In previous KIKO related cases, there were instances where the companies partially prevailed, but even then, the scope of the bank’s liability in most cases was 30% or less. This case is significant because it is the first decision among KIKO related litigation cases where the companies virtually prevailed.
In particular, this decision is interpreted as expressly shifting the burden of proof with respect to the issue of whether the bank’s duty to explain has been performed.
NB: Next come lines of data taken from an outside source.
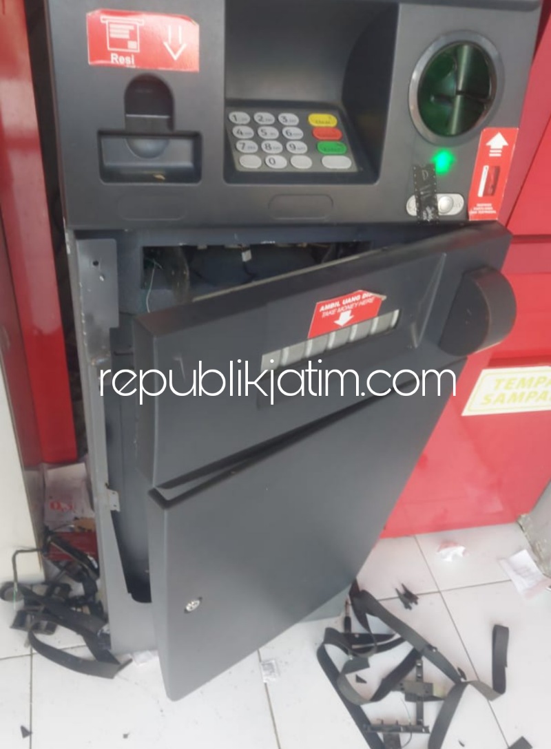 Sidoarjo (republikjatim.com) - Sekawanan pencuri nekat menjalankan aksinya dengan merusak sebuah mesin Anjungan Tunai Mandiri (ATM) Bank Jatim di depan Kantor Dinas Penanaman Modal dan Pelayanan Terpadu Satu Pintu (DPMPTSP) Pemkab Sidoarjo di JL Raya Pahlawan Kecamatan/Kabupaten Sidoarjo, Senin (18/07/2022). Kendati berhasil merusak mesin ATM, akan tetapi kawanan pencuri gagal membobol brankas ATM yang berisi uang tunai itu.
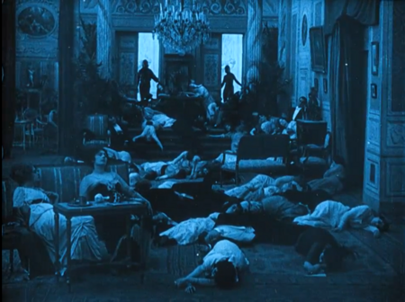 Кто-то выключает свет в главной зале. Гости подозревают, что к ним проник орудующий в городе серийный убийца. «Жилец» (реж. Альфред Хичкок, 1927)
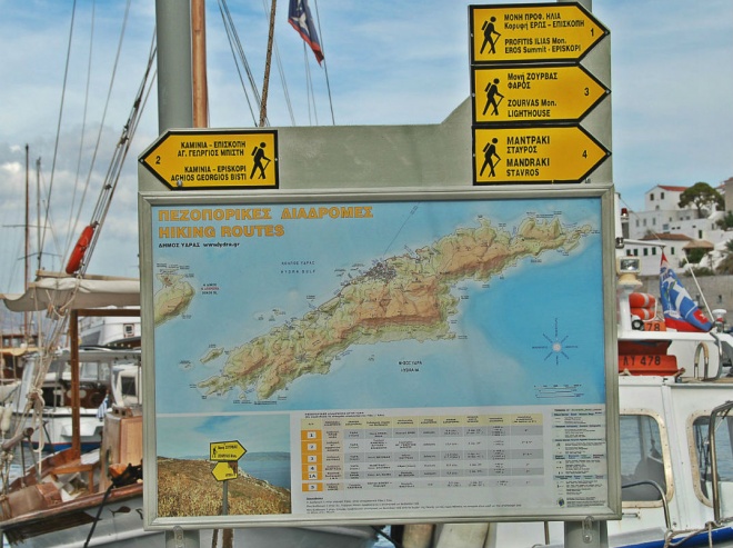 Στο κέντρο του λιμανιού έχει τοποθετηθεί ξύλινος πίνακας με χάρτη του νησιού, ο οποίος λειτουργεί ως σημείο εκκίνησης και παρέχει όλες τις απαραίτητες πληροφορίες για την κάθε διαδρομή.
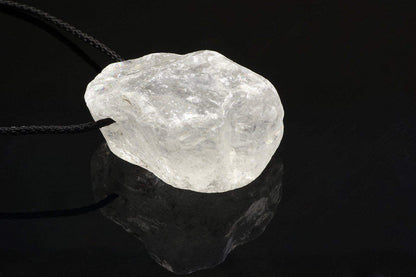 Forma: Natūralus, neapdirbtas kalnų krištolo gabalas, kurio forma ir tekstūra suteikia kiekvienam pakabukui unikalumą ir asmeniškumą.

The Court’s holding was to the effect that the bank bears such burden of proof, primarily on grounds that “Article 48 of the Capital Markets and Financial Investment Business Act (the “Act”) shifts the burden of proof to the financial investment company (in this case, the bank) when it has breached its duty to explain, not only as to the amount of losses, but also causation between the breach of such duty and the relevant transactions and resulting losses by having express provisions on the presumption of loss amounts.”
As a result of this decision, it seems more likely that courts will more broadly recognize banks’ scope of liability in KIKO related cases on grounds of a breach of the duty to explain. However, thus far, there is no clear Supreme Court decision on the issue of whether Article 48 of the Act shifts the burden of proof as to causation, and there are opposing views among legal scholars on this issue. Therefore, it seems likely that such issue will be fiercely debated in future cases.